Leserbrief zum Artikel „Millionenminus am Horizont“ im Münchner Merkur vom 11.11.2020

Von Bezirksrätin Dr. Frauke Schwaiblmair (Gräfelfing) und Bezirksrat Martin Wagner (Unterschleißheim)

In der letzten Kreistagssitzung war zu hören, ein „Haufen Bezirksräte“ im Bezirkstag von Oberbayern, über dessen „Sinn und Unsinn als zusätzlichem Aufgabenträger“ man seit Jahren debattiere, lasse der Bezirksumlage „freien Lauf“. Es ist gleich auf drei Ebenen schlicht erbärmlich, was insbesondere die Vertreter*innen derjenigen Fraktionen im Kreistag von sich geben, die im Bund oder/und im Freistaat in Regierungsverantwortung sind:

Am wenigsten wichtig, aber dennoch ärgerlich, ist die Geringschätzung für die ehrenamtlichen Bezirksrät*innen, die ein gewichtiger Vertreter der Mehrheitsfraktion im Bayerischen Landtag da zum Ausdruck bringt, wenn er von „einem Haufen Bezirksräte“ spricht. Wer so agiert, braucht sich nicht zu wundern, wenn den kommunalen Mandatsträger*innen landauf-landab immer weniger Wertschätzung entgegengebracht wird oder sie sogar in aggressiver Weise angegriffen werden. Er tut damit gerade so, als säßen da lauter Politiker*innen, die nach Lust und Laune mit Geld um sich werfen, das ihnen nicht gehört. Das Gegenteil ist der Fall – und das gilt für alle demokratischen Mitglieder des Bezirkstags!

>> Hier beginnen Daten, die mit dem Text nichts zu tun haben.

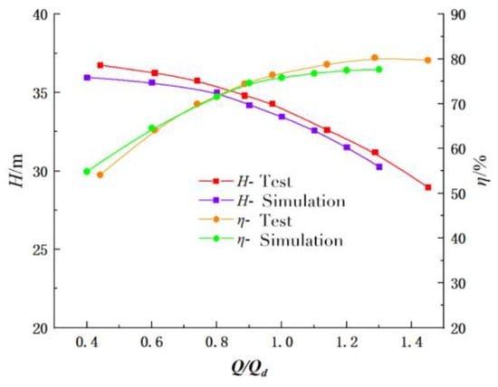 The design target head of the centrifugal pump was 33m. After calculation, the head of the centrifugal pump at the design working condition was 33.47m, which differed from the design target by 1.42%. The designed scheme met the requirements for subsequent numerical simulations. Furthermore, the feasibility of the numerical simulation was verified via energy performance testing experiments on the model pump. The comparison curve between the experimental and simulated results is shown in Figure 23. As can be seen from the figure, at the design working condition, the difference between the design head and the experimental value was 1.56%, and the difference in efficiency was 1.36%. Therefore, at the design working condition, the difference between the simulated and experimental values of the centrifugal pump was small, which suggests that using the 3D platform to design the centrifugal pump is feasible. The accuracy and precision of the design and modeling can meet the requirements of subsequent CFD calculations.
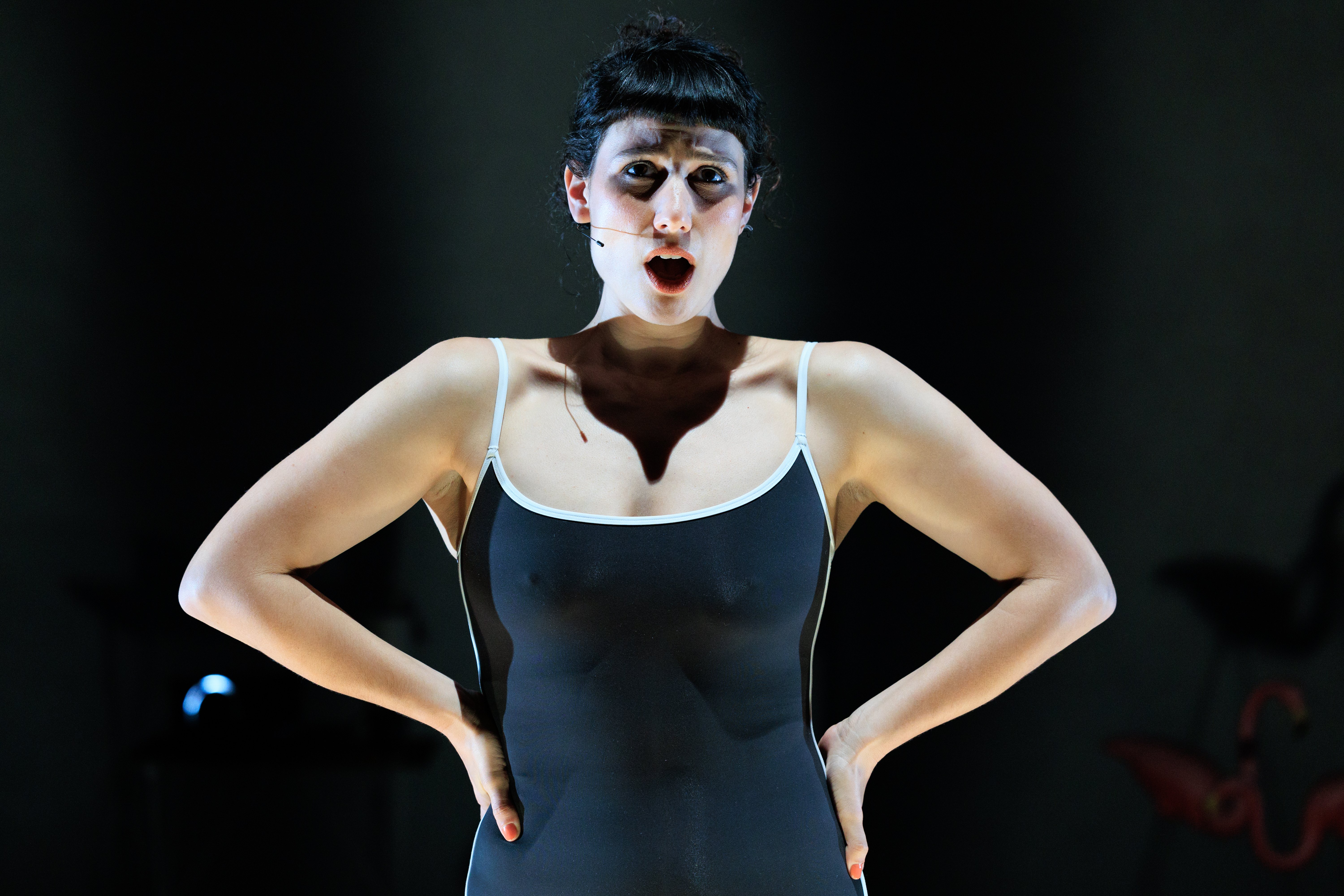 The 21st season of the festival opened on November 7th and welcomed a packed house for the 8:30 pm start time. The stage setting transported the audience into a poolside world with a white plastic lounge chair, a small radio, pink plastic flamingos, a kiddie pool, and a large inflatable fish. The piece, 7 Early Songs, began with vocalist and co-composer Eliza Bagg lying on the chaise lounge chair, wearing a sleek black one-piece bathing suit with white piping along the edges. Throughout the performance, we witnessed Bagg in her mundane, modern world, her body languid and heavy with the heat of summer. The new compositions were adapted from 20th-century twelve-tone composer Alban Berg’s Sieben Frühe Lieder (c. 1905–1908). True to the twelve-tone style, the song cycle had flexible melodies that floated through space and time without a strong anchor to either meter or traditional chorus-verse structures.

Die zweite Ebene der Erbärmlichkeit ist, dass man so tut, als könne der Bezirkstag im Wesentlichen selbst über die an ihn gestellten Aufgaben und die damit verbundenen Kosten bestimmen oder aber selbst über eigene Steuern die Einnahmenseite verbessern. Auch hier ist das genaue Gegenteil der Fall: Weit mehr als 90% des Haushalts entfallen auf Pflichtaufgaben, die im Wesentlichen durch Bundes- und Landesgesetze definiert sind. Eigene Steuereinnahmen hat der Bezirk nicht. Neben einem sehr geringen Anteil aus dem Kommunalen Finanzausgleich ist seine einzige Einnahmequelle die Bezirksumlage. Änderungen an der misslichen Finanzlage der Bezirke können daher ausschließlich die regierenden Parteien in Land und Bund voranbringen. Offen-sichtlich fabulieren sie aber lieber davon, dass der Bezirk halt sparen müsse.

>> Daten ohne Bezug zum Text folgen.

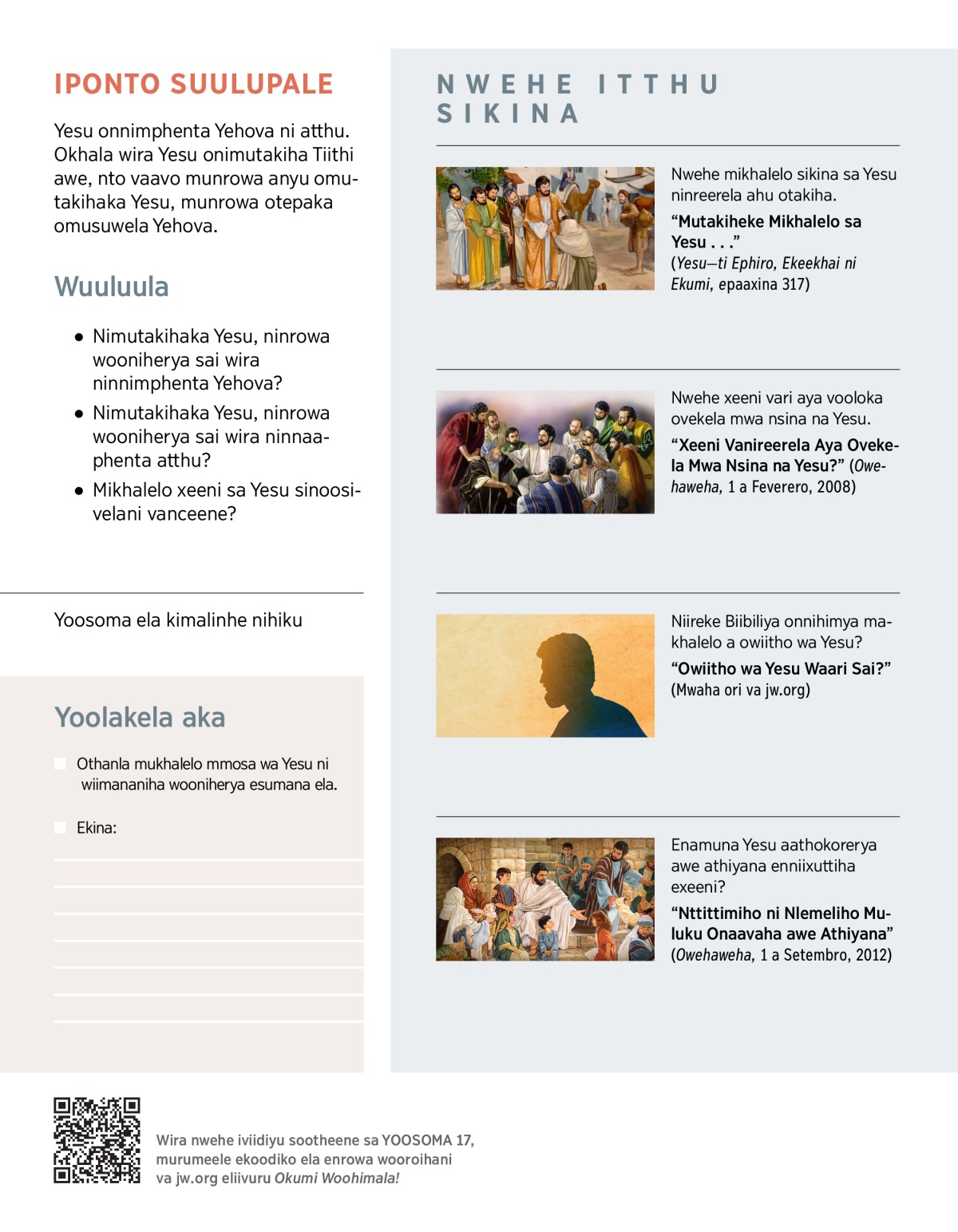 Nwehe mikhalelo sikina sa Yesu ninreerela ahu otakiha.
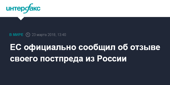 Ранее премьер-министр Нидерландов Марк Рютте заявил, что "постпред ЕС в РФ отзывается для консультаций в Брюссель" в связи с отравлением экс-полковника ГРУ Сергея Скрипаля.
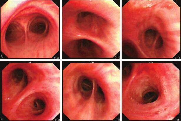 纤维支气管镜下所见:气管隆嵴锐利,左、右肺各叶、段、亚段均未见异常改变(图2),于左舌叶支气管行经支气管壁透壁肺活检技术(TBLB),病理回报:送检组织内有较多淋巴浆细胞浸润,有纤维组织增生,结合临床。
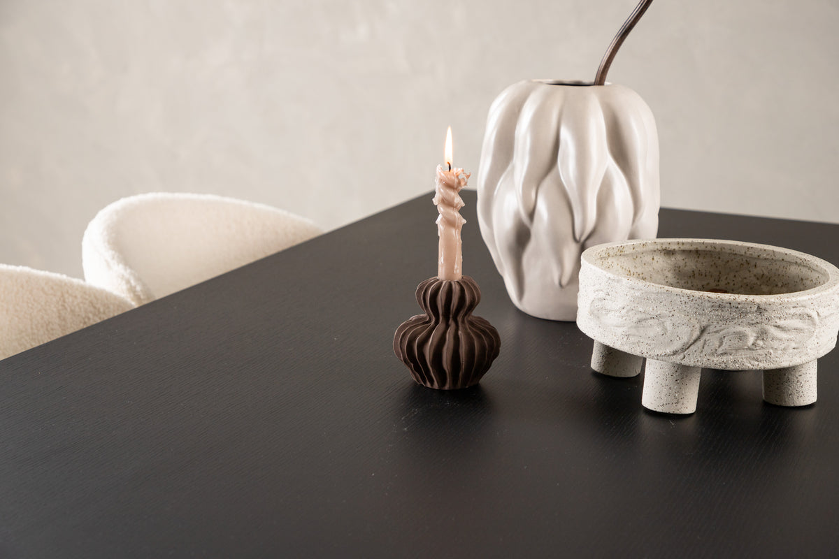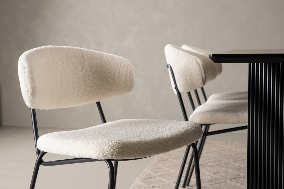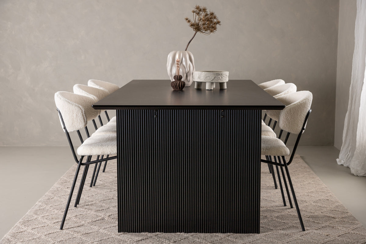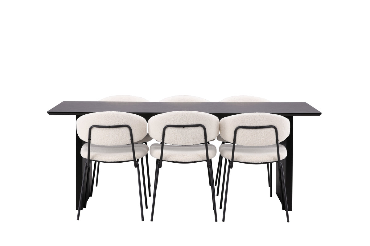 En spisegruppe med alle de rigtige funktioner! Vores rektangulære spisebord fra Vail serien har lige nordiske former og er lavet af holdbar MDF i en sodet sort farve. Bordpladen er tynd og balancerer på to solide træplader, der udgør understellet - så pænt som det er holdbart. Her sammen med vores smagfulde spiseborde fra Chico serien. Stolen har et minimalistisk og komfortabelt design med ryg og sæde i hvid boucle stof og en smal ramme i sort stål. Her får du et blikfang, der imponerer dine gæster!

Am erbärmlichsten aber ist, dass gerade von Fraktionen, deren Parteinamen Adjektive wie „sozial“ oder/und „christlich“ enthalten, offensichtlich die Aufgaben des Bezirks, der als überörtlicher Sozialhilfeträger 90% seines Haushalts für Wiedereingliederungshilfen für Menschen mit Behinderung, Pflege und andere soziale Aufgaben verwendet, als überflüssig oder zumindest nachrangig betrachtet werden. Lieber gibt man öffentliches Geld für Maut-Systeme aus, die nie zum Einsatz kommen, oder für Kaufprämien von Autos mit Verbrennungsmotoren, die die Automobilindustrie selbst gar nicht haben will.

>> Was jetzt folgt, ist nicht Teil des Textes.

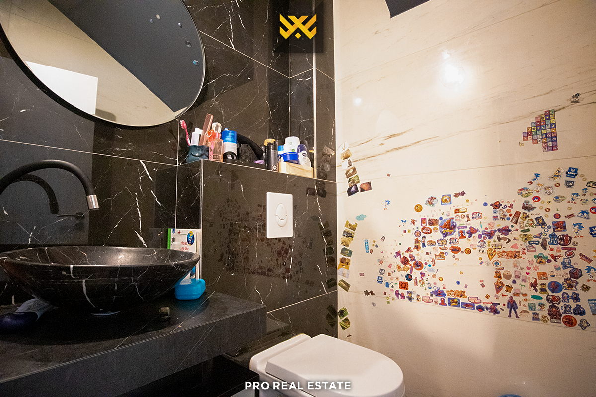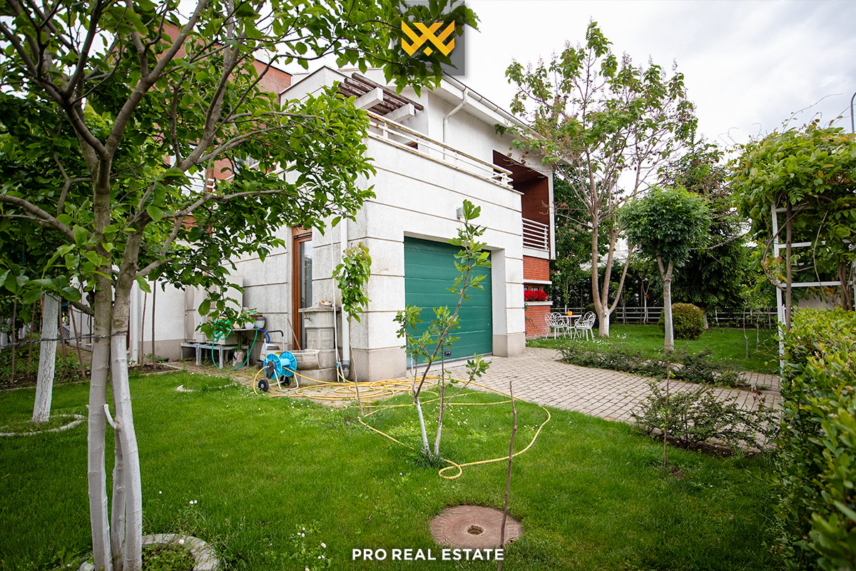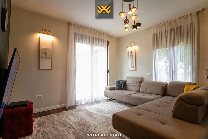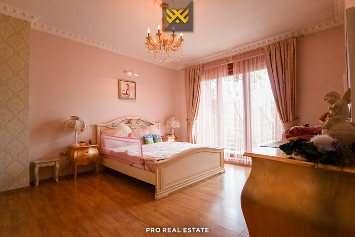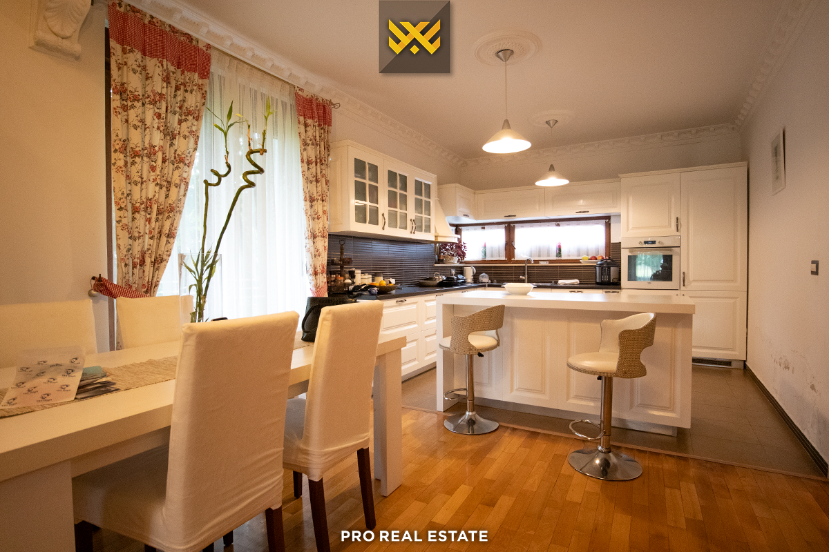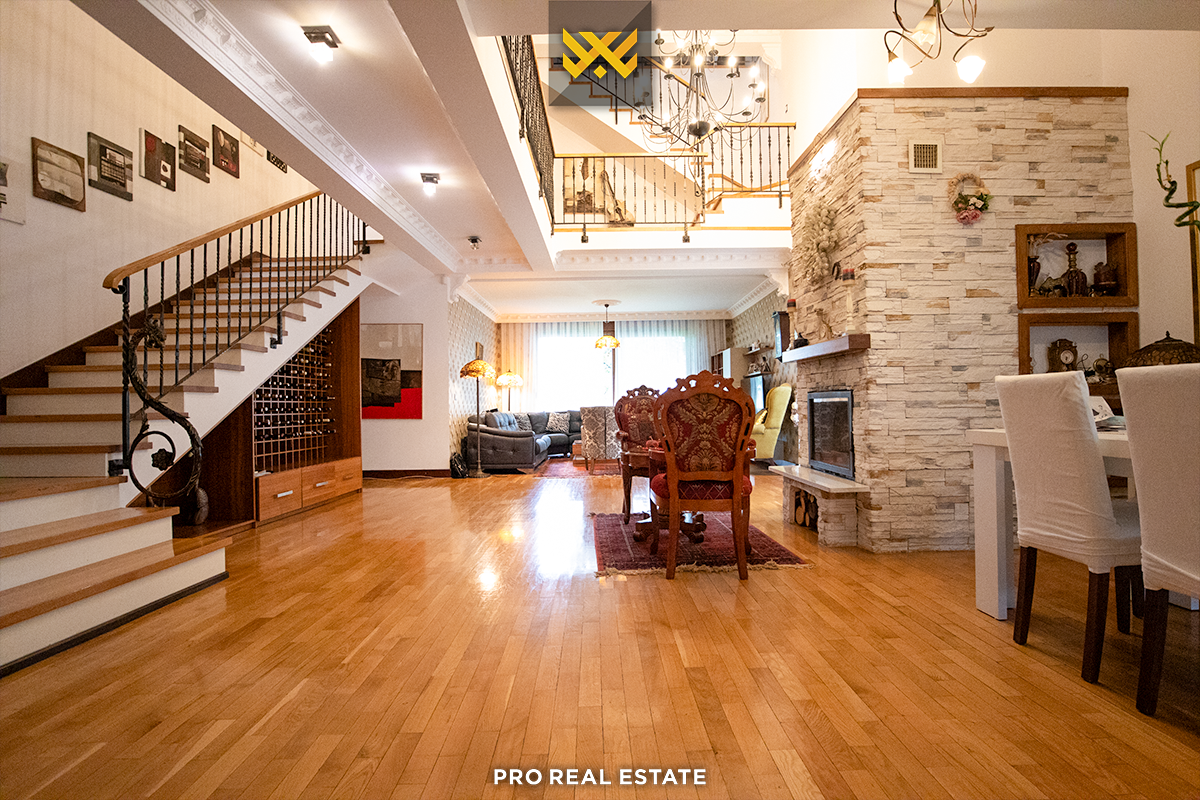 Das Haus mit einer Fläche von 500m² hat eine Ausrichtung von allen Seiten und bietet den ganzen Tag über natürliches Licht. Es ist in ein Untergeschoss, ein Erdgeschoss und ein Obergeschoss unterteilt mit folgender Raumaufteilung: Wohnzimmer, Küche, drei Schlafzimmer, eines davon mit Ankleidezimmer und eigenem Bad, zwei Bäder, WC, Abstellraum und drei Balkone.

Danken kann und muss man hier wohl Landrat Göbel, der klar benannt hat, dass die wichtigen und unumgänglichen Aufgaben des Bezirks diesem keine andere Wahl lassen, als die Umlage moderat zu erhöhen. Statt die Bezirke zu diskreditieren, sollten die Regierungsfraktionen in Bund und Freistaat alles daransetzen, die dritte kommunale Ebene in Bayern mit einer Finanzierung auszustatten, die den ihnen übertragenen Aufgaben gerecht wird. Das wäre eine wirtschaftlich verantwortungsbewusste und soziale Herangehensweise – und alles andere als erbärmlich.

Dieser Leserbrief wurde am 18.11.2020 vom Münchner Merkur veröffentlicht.